Microscopically, UELS is characterized by cellular proliferation of oval, spindle or stellate pleomorphic cells with poorly defined cell borders (2,3). Immunocytochemically, the indices of the present patient were as follows: Caldesmon(+), CD68(+), Ki67(+), vimentin(+), AFP(−), CK(−), desmin(−), hepatocyte(−), MSA(−), myod1(−), myoglobin(−) and SMA(−). The outcome was approximately the same as that described previously (2). As in the present case, certain cases of UELS are positive for CD68 (21,22) and vimentin (23), which implies a mesenchymal origin. Moreover, in the present case, positive expression was found for caldesmon (24–26), which suggests sarcous origin. The positive expression of the proliferation marker Ki67 suggests it is an aggressive tumor (27,28).
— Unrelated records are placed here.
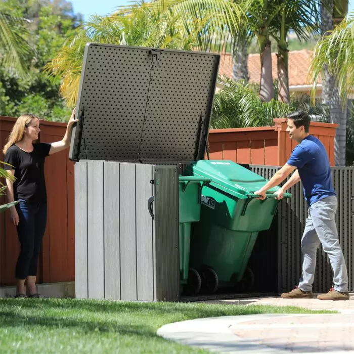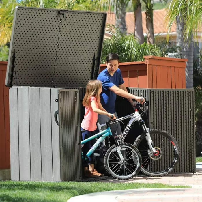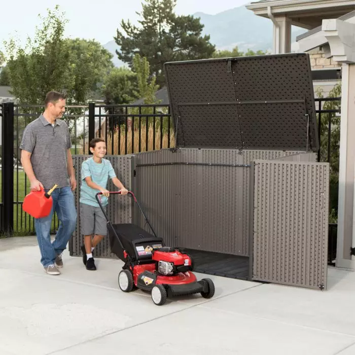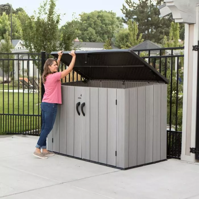 La capacità è di 21248 L, ha anche un sistema di chiusura con lucchetto (lucchetto non incluso) e 3 aperture, il coperchio e due ante completamente apribili frontali, comodissime per riporre oggetti di grandi dimensioni in totale comfort e sicurezza.
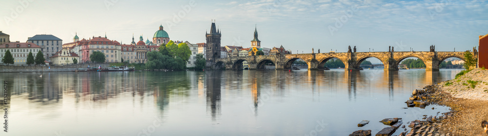 Prague skyline panorama with view of Vltava River and Charles Bridge, Czech Republic #1752104791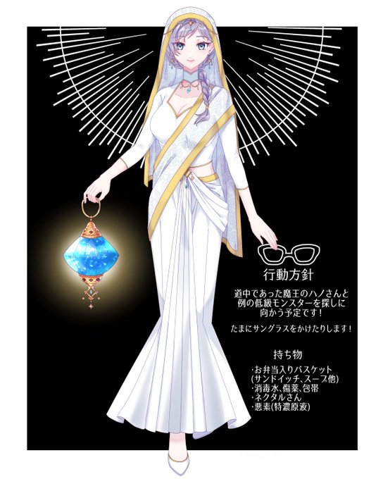 @MAOMIL_TL 聖女アムリタ、イベントログインです! 遠足みたいな装備ですがやる気は十分です!よろしくお願いします! #まおみる_聖なる光のみちしるべ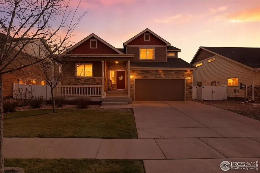 Beautiful home with multiple living spaces and finished basement! Step inside this bright, airy home featuring soaring ceilings and sun-splashed spaces. Large kitchen with tons of cabinet and counter space, composite sink, pantry, wraparound bar seating, and over-sink window. The dining space is perfect for entertaining and overlooks the sunken living room. Relax in the living room complete with custom shiplap accent wall, extra wide sliding glass door to the back patio, and plenty of space for oversized deep seating. HUGE laundry room with storage, cabinets, shelving, project counter, and window to warm the space with the sun. New barn door adds a custom touch to finish out the space. Large, manicured yard with expansive patio with sun sails (not pictured) and bistro lighting. There's plenty of space for yard games and a Summer BBQ under the stars. You'll find space for extra storage in the shed tucked at the rear corner of the yard (placed on a concrete pad). A great play structure sits on maintenance-free turf. Head to the finished basement for game night or to take in a film. Multiple living spaces provide room for everyone to have their own spot to relax. End the day in the serene Owner's Retreat complete with private bath and large walk-in closet. The Owner's private bathroom features dual vanities, framed mirrors, and tiled soaking tub and shower. Multiple spaces find views of the mountains and bring space to spread out. Fresh paint and new luxury vinyl plank flooring. Bring your toys - the 37' deep tandem 3-car garage feels massive. The metro district provides non-potable irrigation water and trash service for residents. Trails connect throughout the neighborhood and to the private pond. Schedule a tour today and make your next move your best move!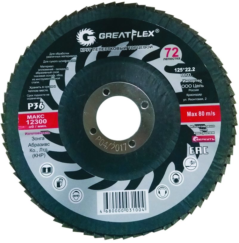 Круг лепестковый торцевой GREATFLEX (72 лепестка): 125 х 22,2 мм, Р100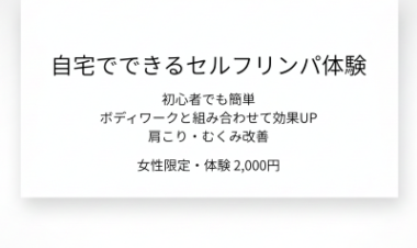 セルフリンパ体験、セルフリンパケア認定講座は随時開催中です。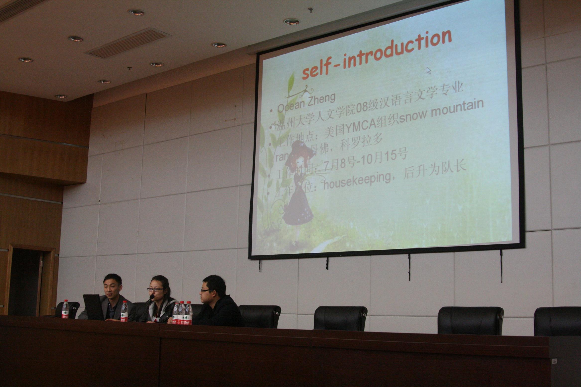 近日,555电影 在南校区育英图书馆报告厅举行了555电影 2012暑期赴美带薪实习项目成果报告会暨说明会。会上9名同学获得了美国实习单位颁发的奖状,同学们的工作能力得到了实习单位的肯定。薛凡等三名同学为现场的同学们详细、生动地讲解了在美国的实习工作、生活、旅游等情况并回答了同学们的提问。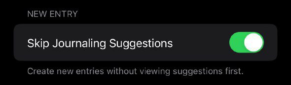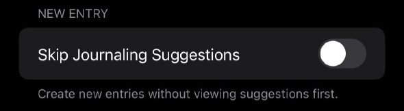 اگر می‌خواهید فقط زمانی که چیزی در ذهنتان است بنویسید، می‌توانید پیشنهادات ژورنال را غیرفعال کنید. برای انجام این کار، به Settings > Journal بروید و سوئیچ کنار «Skip Journaling Suggestions خاموش کنید.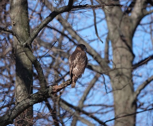 The ponds at Crescent-Dell are now brimming with bird-feeders, so there are song birds all over. RTHs general hunt mammals, but they will eat whatever they can catch. Only, being so big, they are not the most agile or subtle of hunters, like falcons or Accipiters, who are more commonly bird-eaters.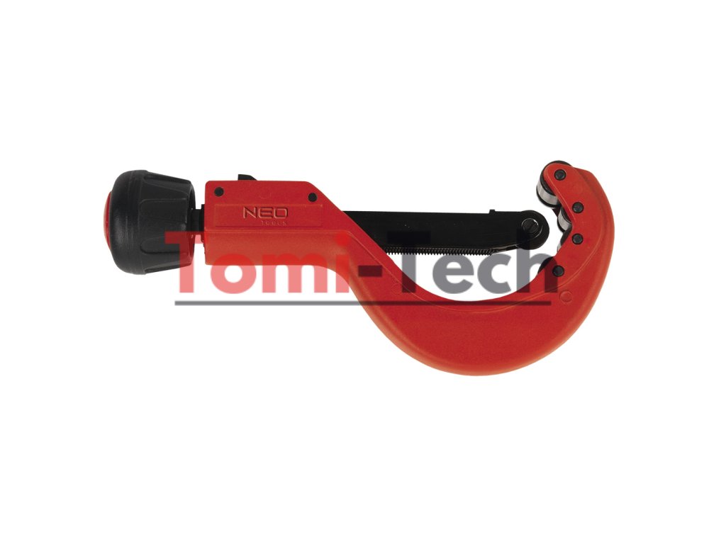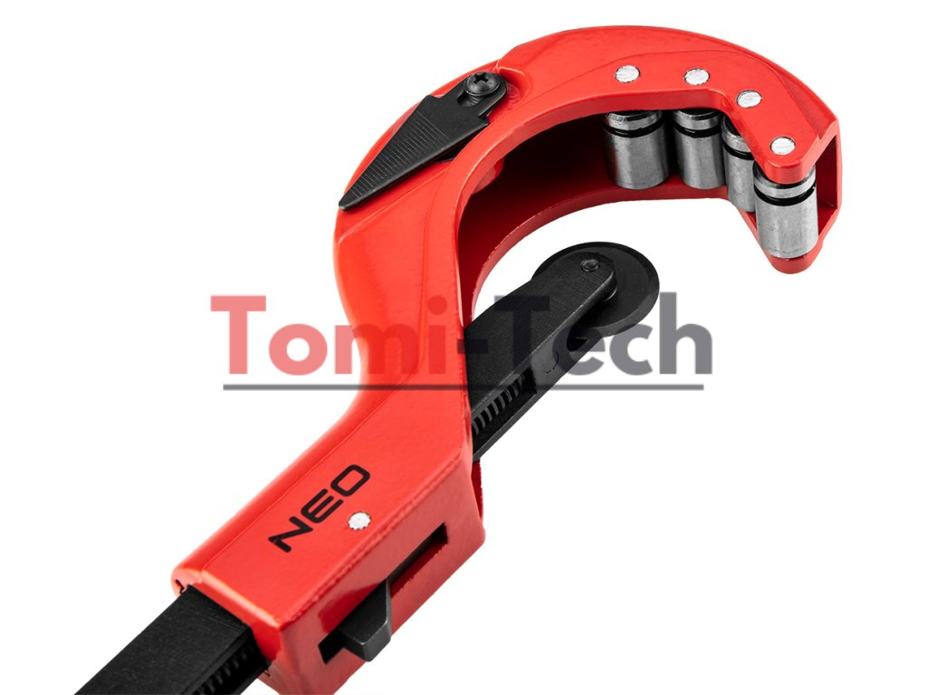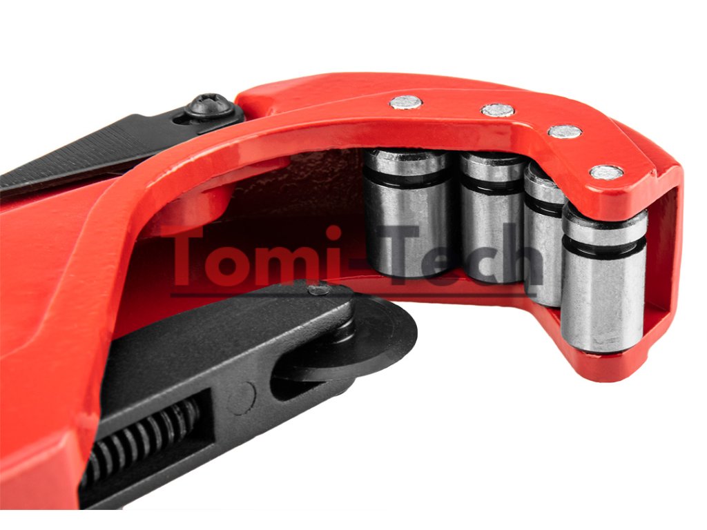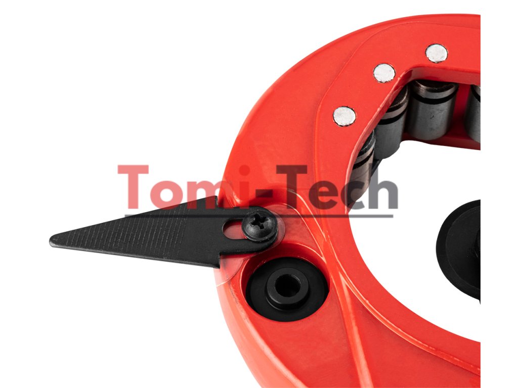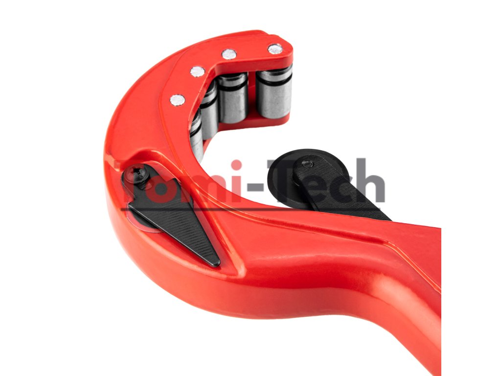 Rezačka rúrok na plastové rúrky z PVC, PE, PP, 6 - 63 mm (1/4" - 2,3, 8"), štyri vodiace valčeky, hliníkové telo, nastaviteľná skrutka, rýchlonastavovací mechanizmusDodatočné parametre
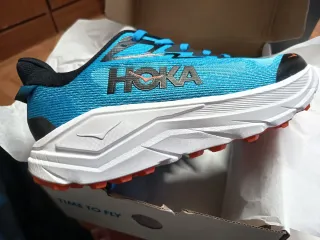 Playeras Hoka de color azul con detalles en naranja y negro. Diseñadas para el deporte. - Parte superior de malla transpirable. - Suela de goma con buen agarre. - Logotipo Hoka en los laterales.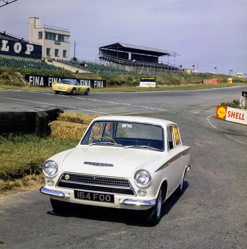 Casi al mismo tiempo que Ford ponía en circulación el Cortina, Lotus hacía lo propio con el Elan, uno de los modelos más emblemáticos de la firma británica, que, además, estaba animado por un propulsor Ford, que los ingenieros de Lotus habían retocado para dar un carácter muy diferente. Se había tomado como base el propulsor del Ford Anglia, conocido por el código 105E. Una asociación que Walter Hayes quiso aprovechar cuando, desde la central estadounidense de Ford, se le encargó desarrollar un programa para promocionar los productos de la marca en competición, durante los siguientes cinco años.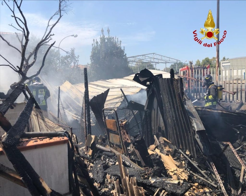 Le fiamme distruggono un deposito di attrezzi in via del Piccarello a Latina.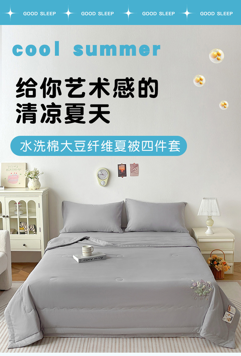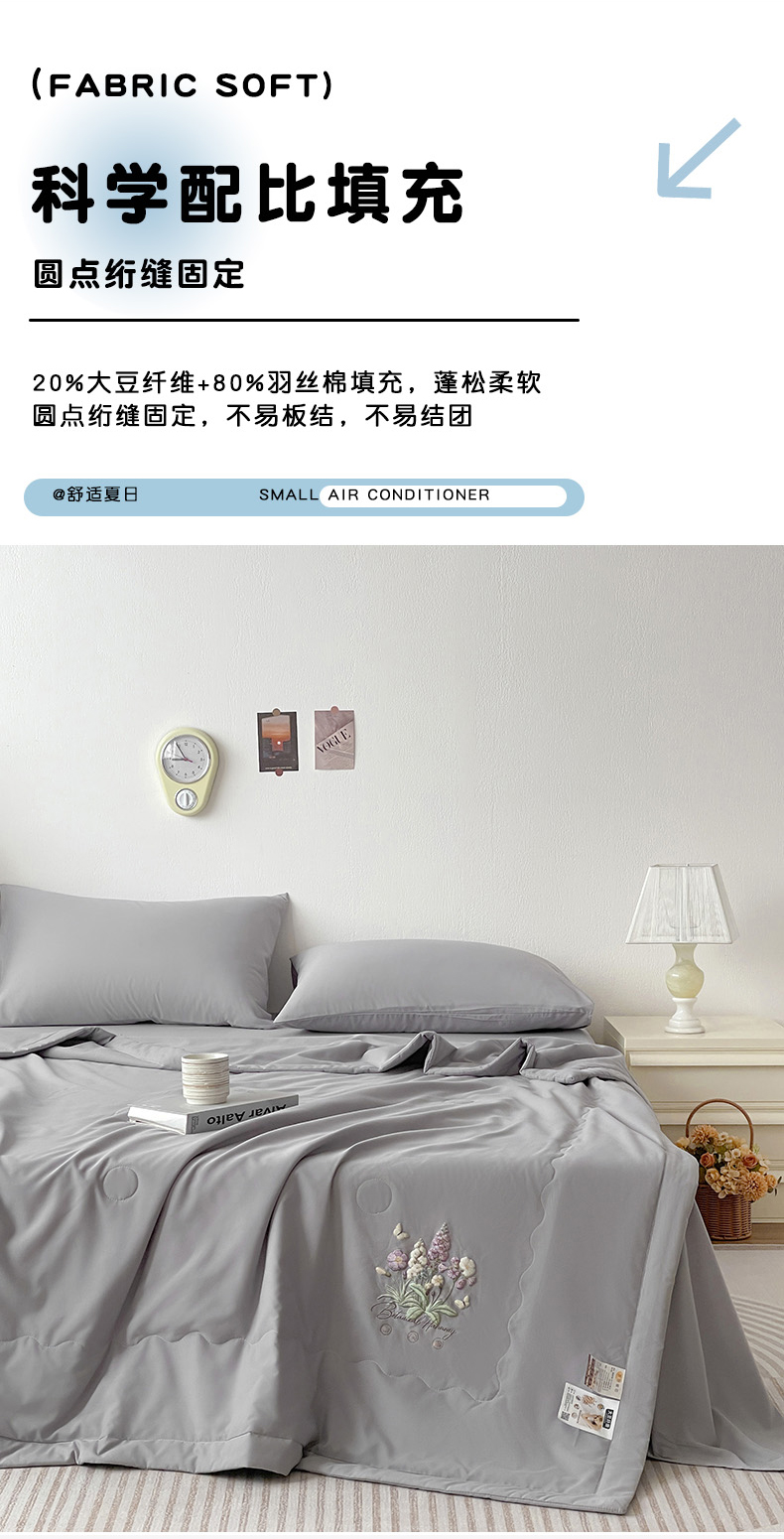 (总)易展家居 2026新款水洗棉大豆纤维夏被-田园生活,田园生活-粉色,田园生活-灰色,田园生活-浅黄,田园生活-青色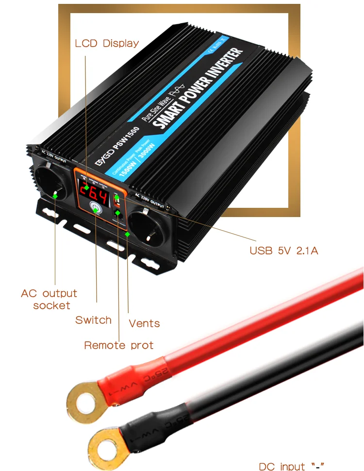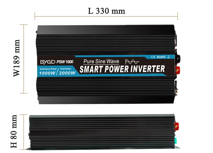 BYGD Power Inverter 1000w 12v/24v To 220v Pure Sine Wave Power Inverter Converter DC to AC inverter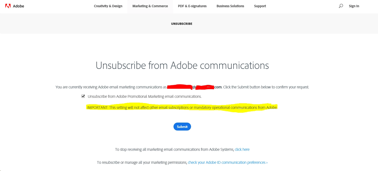I have tried to "Unsubscribe" for days using the link in the (unasked for) Adobe emails I've been getting. Yet each time, instead of getting a confirmation, I end up on a page that's clearly just some random Adobe page. And sure enough, I'm still getting the (unasked for) emails again the next day.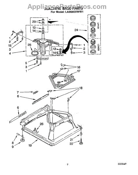 Parts for Whirlpool LA9680XWG1: 08 - Machine Base Parts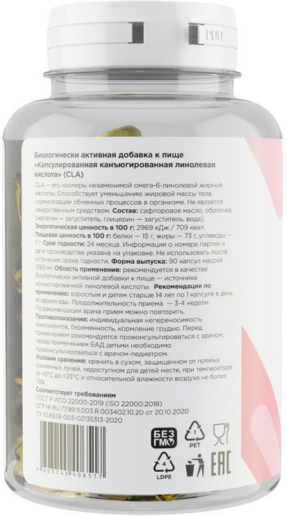 💳 Оплатить за товар можно при получении 🇰🇿 Есть бесплатная доставка по Казахстану от 1 дня 🎁 Копите бонусы с каждой покупки Конъюгированная линолевая кислота (CLA) — изомеры незаменимой Омега-6 линолевой жирной кислоты, известные своими жиросжигающими свойствами. |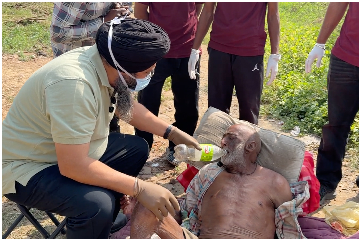 While talking to Bapu Ji, he told us that his name is Tarunjit Singh and he is a resident of Model Gram, Ludhiana. According to him, his wife Inderjit Kaur and his son Ankur left him here and went away. It is heartbreaking to imagine what kind of wife and son could abandon him in such terrible conditions and leave him helpless on the roadside. If anyone knows or recognizes Bapu Ji, please kindly come forward and visit him.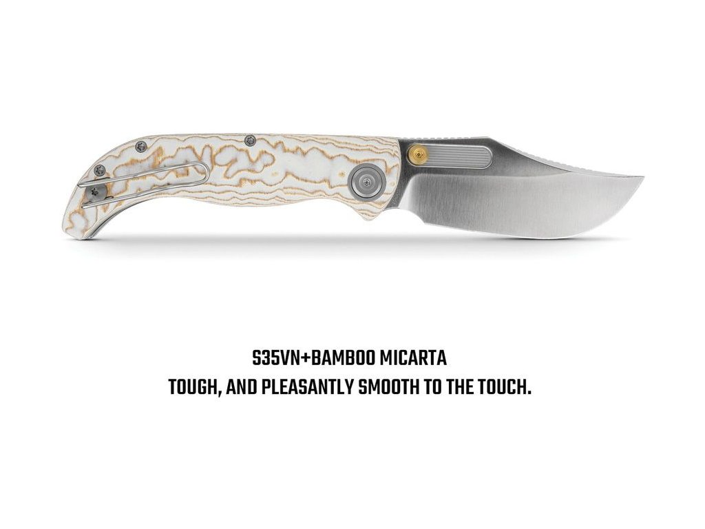 Zavírací nůž Vosteed Naga představuje spojení moderního designu, prémiových materiálů a precizního zpracování. Díky výrazné clip point čepeli a ergonomické rukojeti z Micarty působí nůž robustně, stylově a zároveň velmi funkčně – ideální volba pro každodenní nošení (EDC). Srdcem nože je čepel z práškové oceli CPM S35VN, která je ceněná pro výbornou odolnost proti opotřebení, dlouhou výdrž ostří a vysokou korozní odolnost. Tvar čepele poskytuje skvělé řezné vlastnosti i přesnou kontrolu při detailní práci.

The prognosis of UELS is poor even if the tumor is completely resected. Previous reports have demonstrated that treatment with surgery and adjuvant chemotherapy is curative for UELS in certain cases (1,9,29). May et al (4) reported five pediatric patients with UELS who were treated with radical resection followed by adjuvant chemotherapy or radiation and were alive without evidence of recurrence at a median of 53 months (4). Kim et al (9) reported that five pediatric patients who received similar therapy had a comparable prognosis, and proposed that a combined therapy of surgery and chemotherapy improves prognosis (9). Liver transplantation may be a potential treatment option for pediatric patients with UELS if it is feasible. Liver transplantation has been reported in pediatric patients with UELS (12,30,31). One study reported the case of a 6-year-old male who received a liver transplant combined with chemotherapy and was alive 6.5 years following surgery (30). Furthermore, another study reported a male who has been in good health and disease-free for 5 years following treatment with chemotherapy, surgical resection and liver transplantation (12). However, reports of liver transplantation to treat UELS are limited.
In conclusion, complete tumor resection combined with adjuvant chemotherapy may reduce the risk of recurrence and improve the survival time in patients with UELS. Further investigations are required to identify more effective strategies for treating pediatric patients with UELS.